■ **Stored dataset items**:
%%
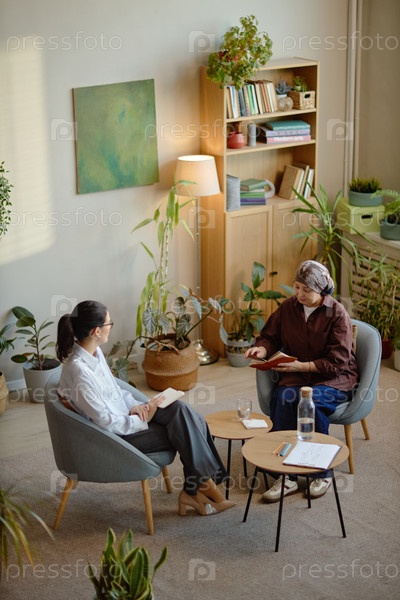 Кавказская женщина среднего возраста консультирует старшую кавказскую женщину в сессии терапии
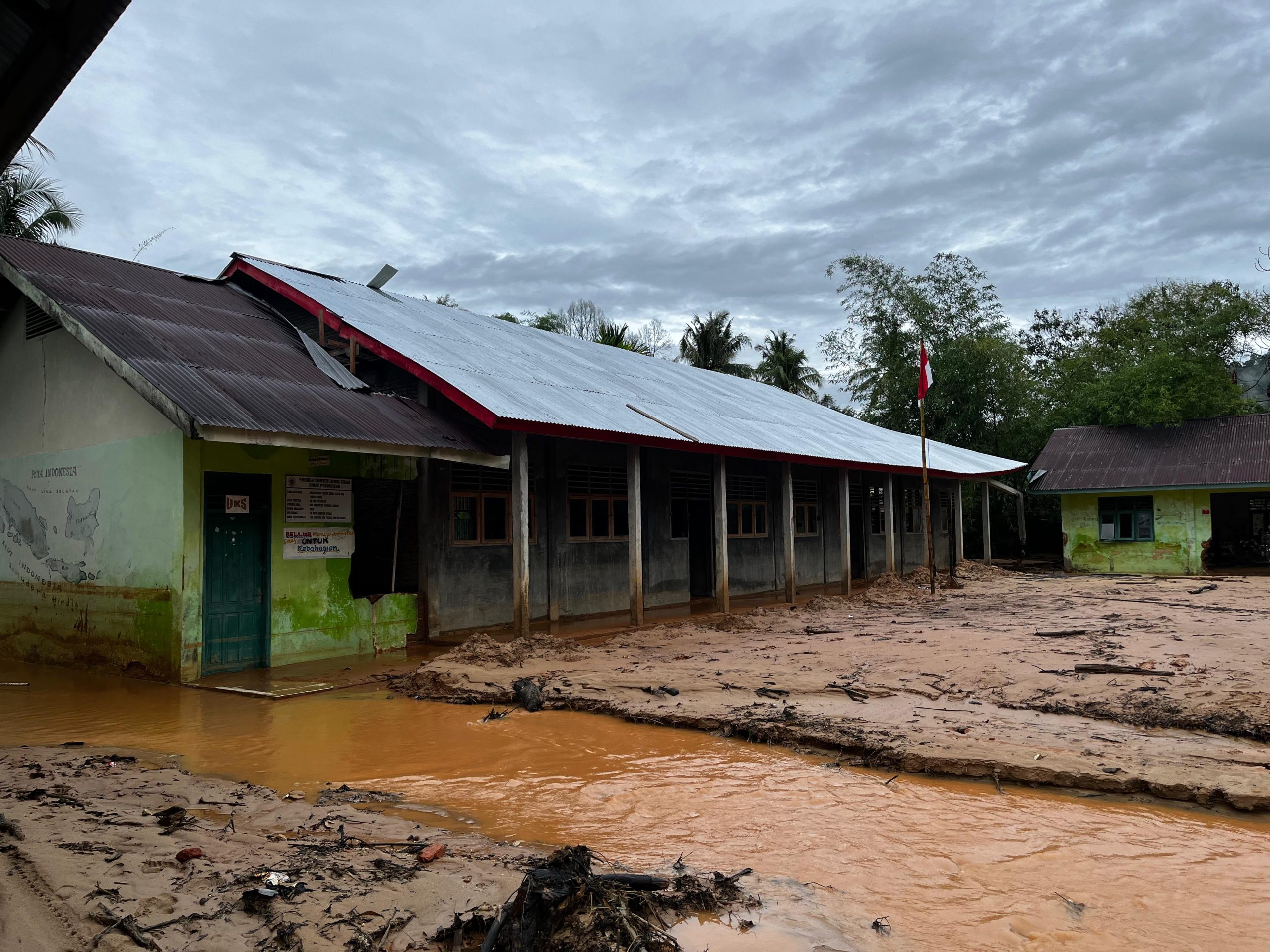 Kegiatan ini merupakan tahap lanjutan proses pemulihan fasilitas pendidikan yang sebelumnya telah dibersihkan, namun terdampak kembali oleh genangan air dan material lumpur yang terbawa aliran banjir. Fokus pekerjaan diarahkan pada normalisasi halaman dan ruang lingkungan sekolah agar kembali aman dan layak digunakan.
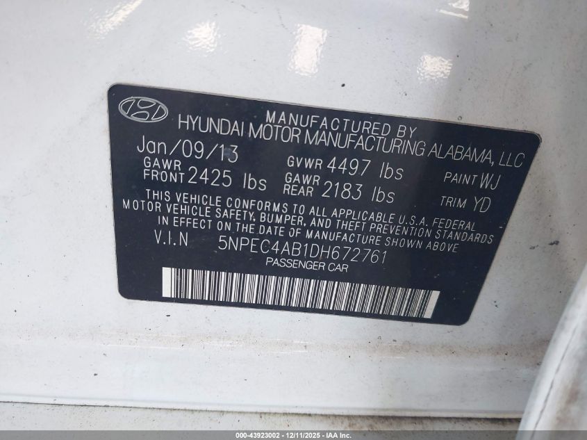 2013 HYUNDAI SONATA 2013 року Бензин, 2.0, Передній привід, vin - 5NPEC4AB1DH672761 з США
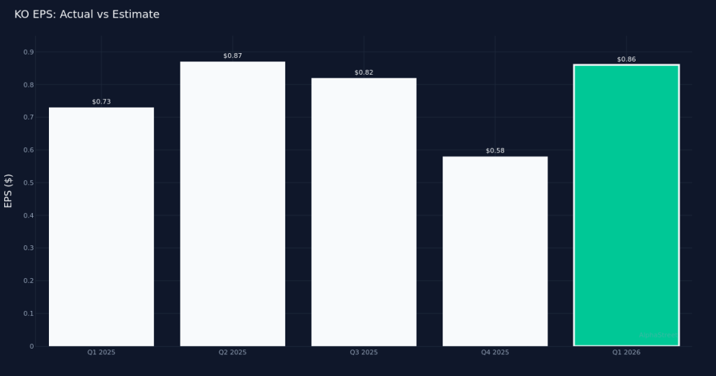 Solid Beat. The Coca-Cola Company (NYSE:KO) delivered Q1 2026 comparable EPS of $0.86, topping Wall Street's $0.84 estimate by 2.4%, while revenue climbed t...
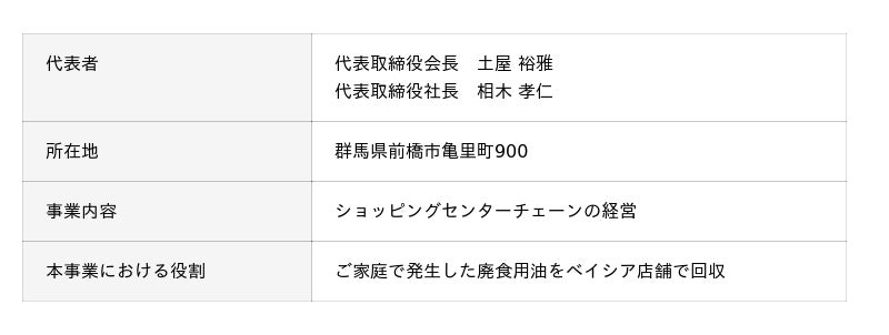 これまでベイシアでは、プラスチック容器のリサイクルやペットボトルの回収、レジ袋の削減などを通じて、リデュース・リユース・リサイクルの取り組みを進めてまいりました。この度の取り組みにおいても、全国に展開する店舗を有効な回収拠点と考え、今後は窓口となる店舗を拡大していくとともに、地域のお客様にご協力いただきながら、廃食用油のリサイクルによるBAF・SAFの普及に貢献してまいります。
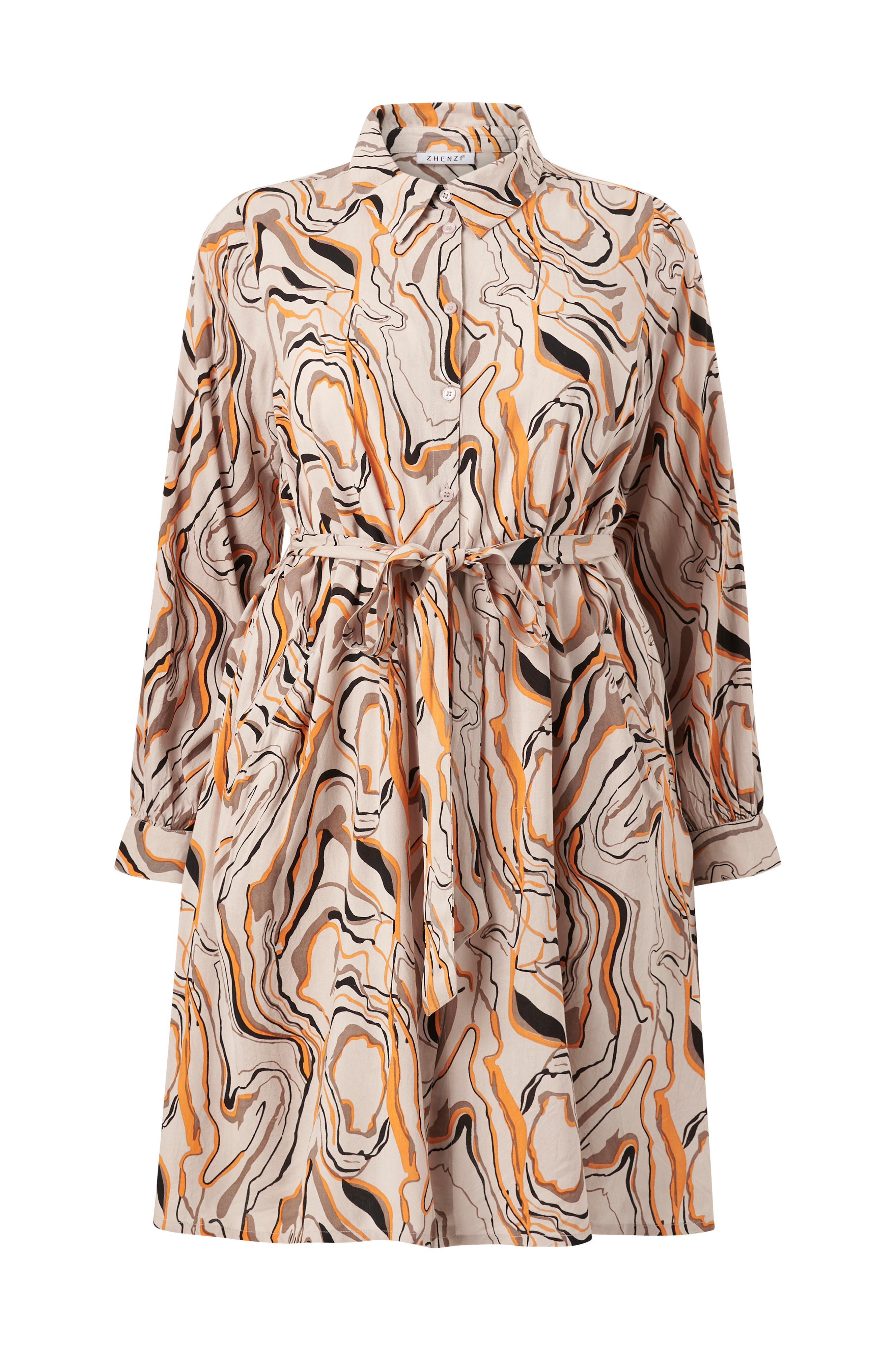 • Knapper foran• Bindebælte ved taljen• Lange ærmer med manchet• Lommer foran• Store størrelser• Længde: 100 cm i størrelse S
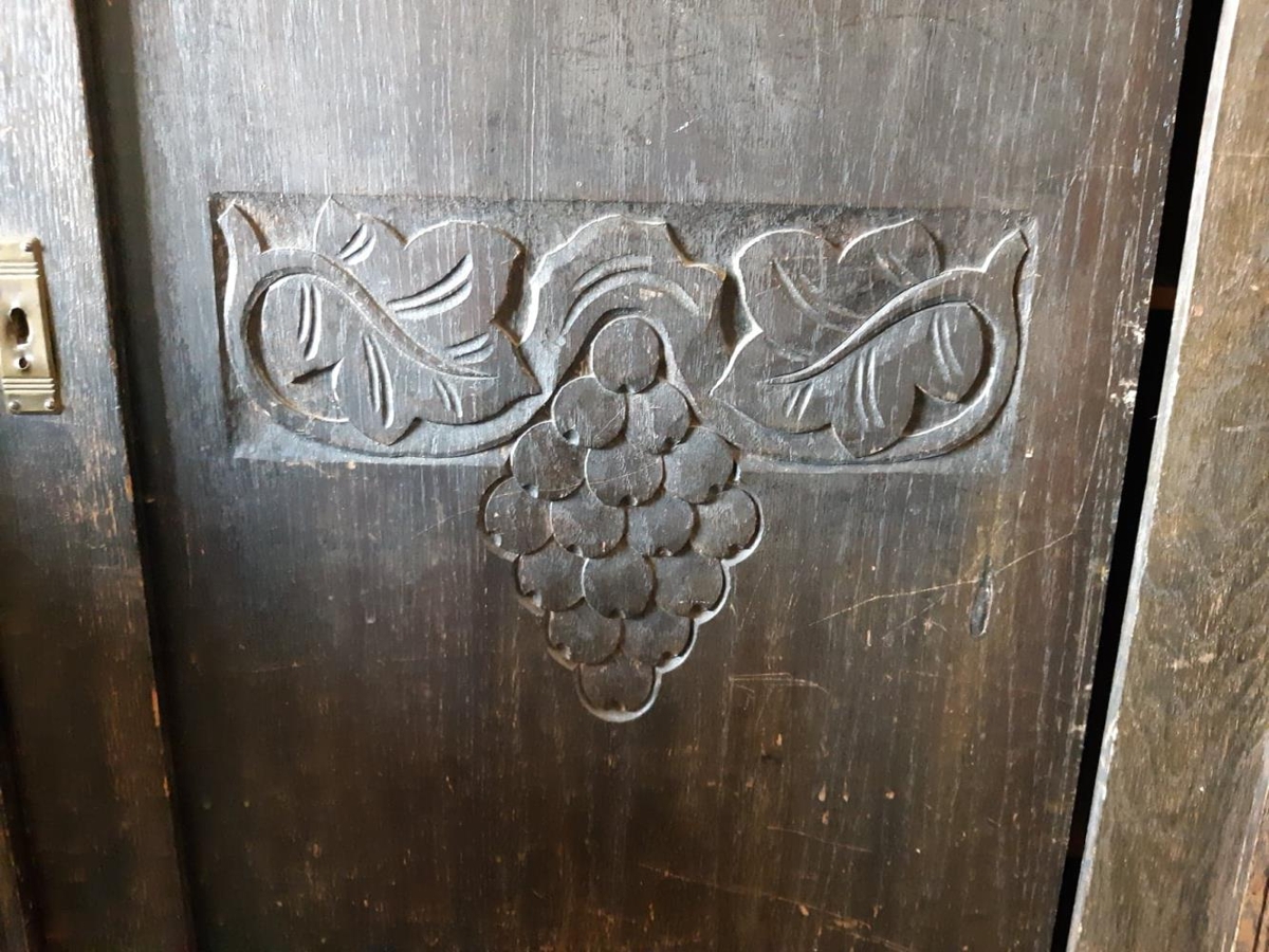 Stofuskápur 1,8 m á hæð, með útskurði á hurð.
%%
■ **Task to carry out**:
Looking at the records above, extract only the lines from the one with "2013 HYUNDAI SONATA" through the last line, exactly, with the pictures left out.

■ **Written response**:
 2013 HYUNDAI SONATA 2013 року Бензин, 2.0, Передній привід, vin - 5NPEC4AB1DH672761 з США
 Solid Beat. The Coca-Cola Company (NYSE:KO) delivered Q1 2026 comparable EPS of $0.86, topping Wall Street's $0.84 estimate by 2.4%, while revenue climbed t...
 これまでベイシアでは、プラスチック容器のリサイクルやペットボトルの回収、レジ袋の削減などを通じて、リデュース・リユース・リサイクルの取り組みを進めてまいりました。この度の取り組みにおいても、全国に展開する店舗を有効な回収拠点と考え、今後は窓口となる店舗を拡大していくとともに、地域のお客様にご協力いただきながら、廃食用油のリサイクルによるBAF・SAFの普及に貢献してまいります。
 • Knapper foran• Bindebælte ved taljen• Lange ærmer med manchet• Lommer foran• Store størrelser• Længde: 100 cm i størrelse S
 Stofuskápur 1,8 m á hæð, með útskurði á hurð.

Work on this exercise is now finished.